AgentSkillsCN

image-gen

借助DALL-E、Stable Diffusion或Midjourney等AI图像生成API,根据文本提示生成图像。

SKILL.md
--- frontmatter
name: image-gen
version: '1.0.0'
description: Generate images from text prompts using AI image generation APIs like DALL-E, Stable Diffusion, or Midjourney.
author: Wunderland
namespace: wunderland
category: creative
tags: [image-generation, ai-art, dall-e, stable-diffusion, creative, visual]
requires_secrets: [openai.api_key]
requires_tools: []
metadata:
  agentos:
    emoji: "\U0001F3A8"
    primaryEnv: OPENAI_API_KEY
    homepage: https://platform.openai.com/docs/guides/images

AI Image Generation

You can generate images from text descriptions using AI image generation APIs. Craft detailed, effective prompts that translate the user's creative vision into high-quality generated images.

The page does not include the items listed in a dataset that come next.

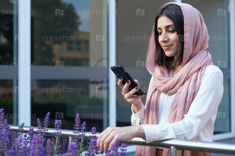 Молодая взрослая женщина с Ближнего Востока, использующая смартфон На улице возле цветов лаванды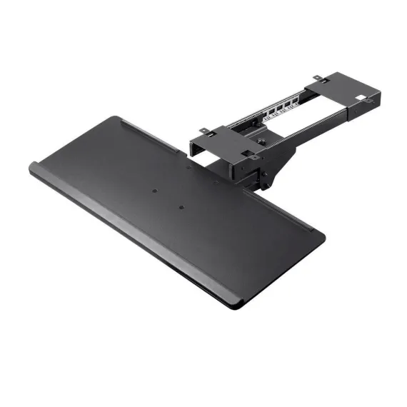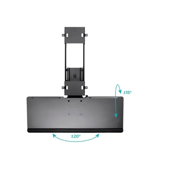This adjustable keyboard tray provides ergonomic adjustability for keyboard and mouse placement, helping to create a better-fitting workstation. This provides better posture and placement options for people who otherwise can't make adjustments to their desks and workstations. This mount allows users to modify the height, tilt angle, and swivel position of their typing surface to help create a more comfortable and more productive work environment.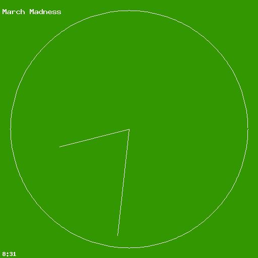 <?php $imSize = 512; $clockSize = $imSize - 40; $today = getdate(); $hour = $today[hours]; $minutes = $today[minutes]; $seconds = $today[seconds]; if ($hour > 12) { $hour -= 12; } $hourDegress = $hour * 30; $hourDegress += $minutes / 2; $minDegress = $minutes * 6; //* the cordinate system stars at 3:00 $hourDegress -= 90; if ($hourDegress < 0) { $hourDegress += 360; } $minDegress -= 90; if ($minDegress < 0) { $minDegress += 360; } //* convert to radians $hourRadians = $hourDegress / 57.295779513082; $minRadians = $minDegress / 57.295779513082; $myImage = ImageCreate($imSize, $imSize); $white = ImageColorAllocate($myImage, 255, 255, 255); $black = ImageColorAllocate($myImage, 0, 0, 0); // $red = ImageColorAllocate($myImage, 255, 0, 0); $green = ImageColorAllocate($myImage, 50, 151, 0); // $blue = ImageColorAllocate($myImage, 0, 0, 255); ImageFill($myImage, 0, 0, $green); Imageinterlace($myImage, 1); //* draw the clock circle Imagearc($myImage, $imSize/2, $imSize/2, $clockSize, $clockSize, 0, 359, $white); //* draw the hour hand $hourHandLen = ($clockSize / 2) * 0.6; $x2 = $imSize/2 + ($hourHandLen * cos($hourRadians)); $y2 = $imSize/2 + ($hourHandLen * sin($hourRadians)); ImageLine($myImage, $imSize/2, $imSize/2, $x2, $y2, $white); //* draw the minute hand $minHandLen = ($clockSize / 2) * 0.9; $x2 = $imSize/2 + ($minHandLen * cos($minRadians)); $y2 = $imSize/2 + ($minHandLen * sin($minRadians)); ImageLine($myImage, $imSize/2, $imSize/2, $x2, $y2, $white); if ($minutes < 10) { $minutes = "0$minutes"; } Imagestring($myImage, 3, 5, $imSize - 15, ($hour . ":" . $minutes), $white); Imagestring($myImage, 3, 5, 15, "March Madness", $white); header("Content-type: image/jpg"); imagejpeg($myImage); Imagedestroy($myImage); ?> |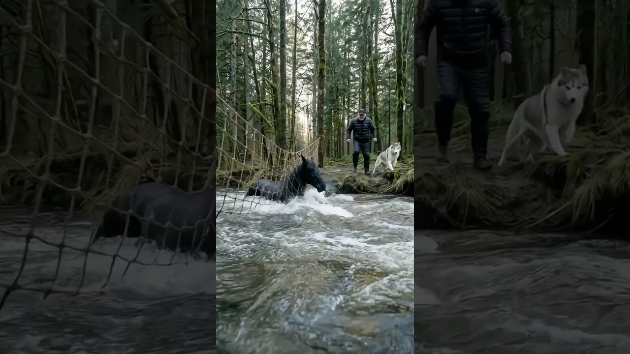 But fate had something else in store for the struggling animal. Nearby, a brave Husky noticed the horse’s plight, its sharp eyes recognizing the danger. Without hesitation, the courageous dog sprinted toward the riverbank, barking urgently at the trapped horse. The Husky tried desperately to pull at the ropes, using its teeth and paws, but the net was too tangled and strong for the dog to loosen.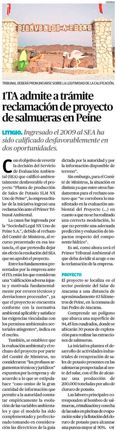 Primer Tribunal ambiental admitió a trámite reclamación que pretende revertir calificación ambiental desfavorable de proyecto de explotación de salmueras - (calamaenlinea.cl)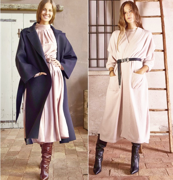Il cappotto è uno solo, il Vicenza, un capospalla over con profondi spacchi laterali e cintura a vestaglia. Non può che essere blu navy, perfetto di giorno e di sera.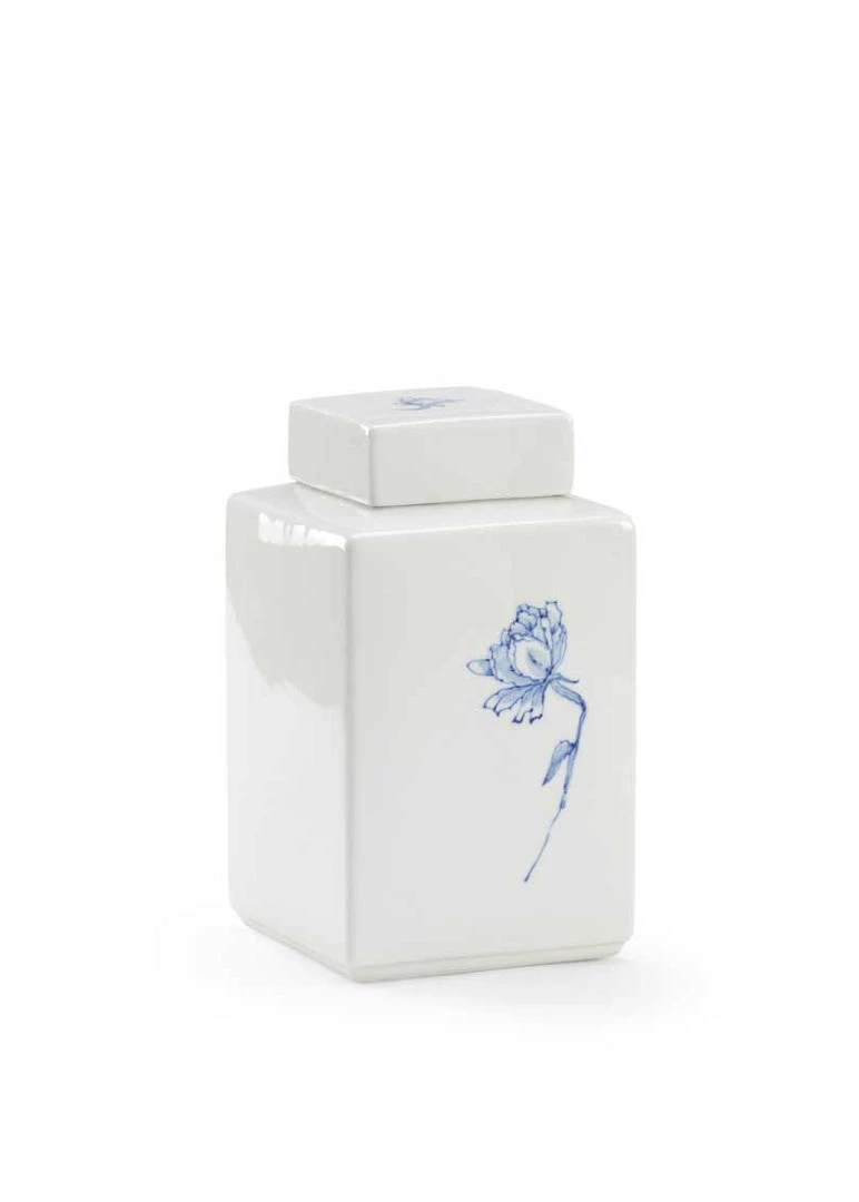 A delicate tulip on the Jizhou Vase adorns one panel and the lid of this ceramic jar. Handpainted in blue glaze on white. One of a trio of Jizhou vases from Claire Bell.
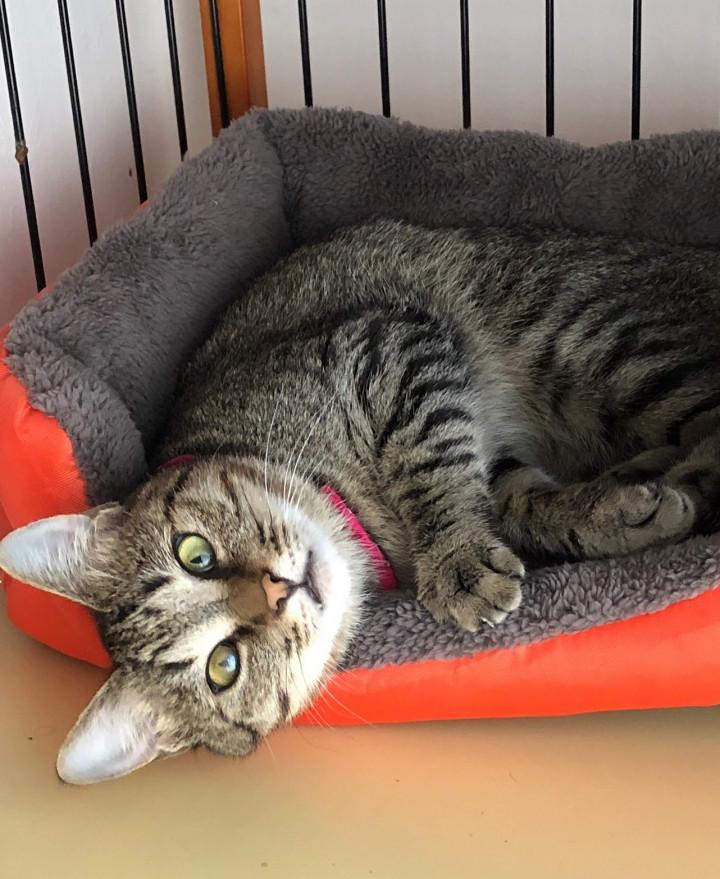 探索と甘えとごはん、トイレ…一通りエンジョイすると、昼2時半過ぎには自らケージのベッドに。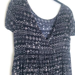 Sweet Rain (Nordstrom) size medium Black and Tan tribal print empire waist babydoll style with v- neck cross over back. Measurements are taken of the top laying flat: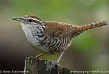鹪鹩属:是一类小型鸣禽,身长在10-17厘米之间。头部浅棕色,有黄色眉纹;上体连尾带栗棕色,布满黑色细斑;两翼覆羽尖端为白色。整体棕红褐色,胸腹部颜色略浅,翅膀有深色波形斑纹,嘴长直而较细弱,先端稍曲,…全部>>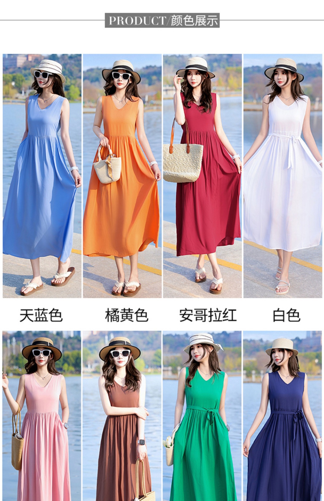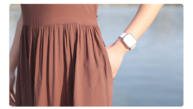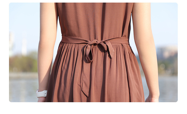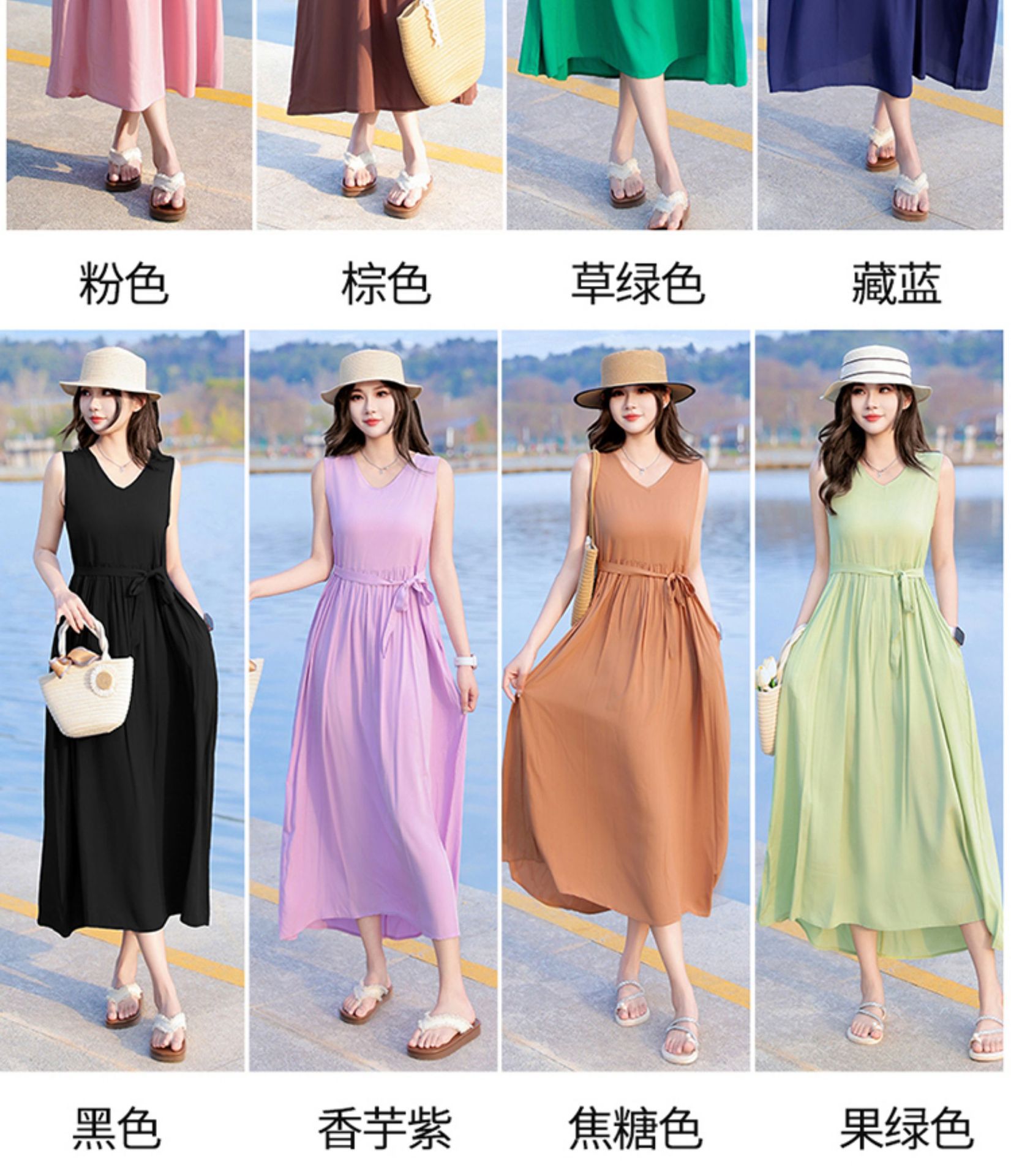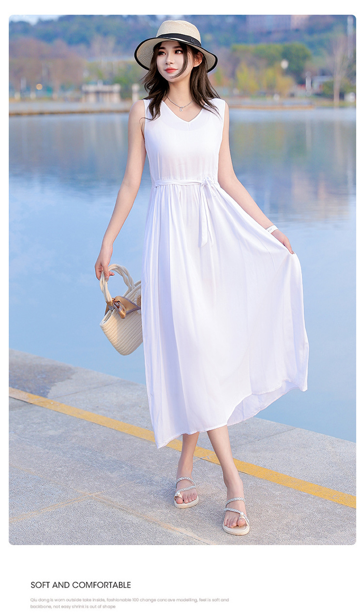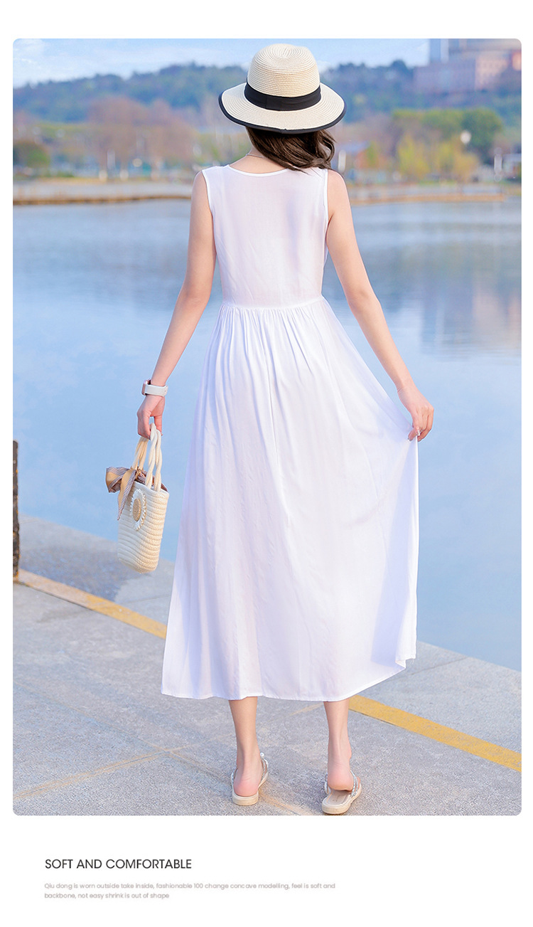 2025新款夏装收腰显瘦高支棉绸连衣裙气质妈妈度假风海边沙滩裙

When generating images, help the user refine their prompt for best results. A good image prompt includes: subject description, style (photorealistic, illustration, watercolor, etc.), composition (close-up, wide shot, overhead), lighting (natural, dramatic, soft), color palette, and mood/atmosphere. Offer prompt suggestions when the user's description is vague or underspecified.

Support different image sizes and aspect ratios based on the API capabilities (1024x1024, 1792x1024, 1024x1792 for DALL-E 3). For iterative refinement, maintain context from previous generations so the user can say "make it more vibrant" or "change the background to a beach." Save generated images to the filesystem when the user requests it, with descriptive filenames.

When the user requests variations or edits of existing images, use the appropriate API endpoints (variations, inpainting) when available. For batch generation, create multiple variations with slightly different prompts to give the user options. Always inform the user of the model and settings used for each generation.

Examples

  • "Generate an image of a cozy cabin in the mountains at sunset, watercolor style"
  • "Create a professional logo for a coffee shop called 'Bean There'"
  • "Make the previous image more dramatic with storm clouds"
  • "Generate 3 variations of a cyberpunk cityscape at night"
  • "Create a 16:9 landscape of a serene Japanese garden in spring"

Constraints

  • Image generation costs API credits per request; inform the user of approximate costs when possible.
  • Content policy restrictions apply: no realistic faces of real people, no violent/explicit content.
  • DALL-E 3 does not support exact image editing or inpainting; describe the full desired output.
  • Generated images may not perfectly match the prompt; iterative refinement is expected.
  • Maximum prompt length varies by model (DALL-E 3: 4,000 characters).
  • Image quality and style depend on the model version and generation parameters.
  • Generated images should not be represented as photographs or real events.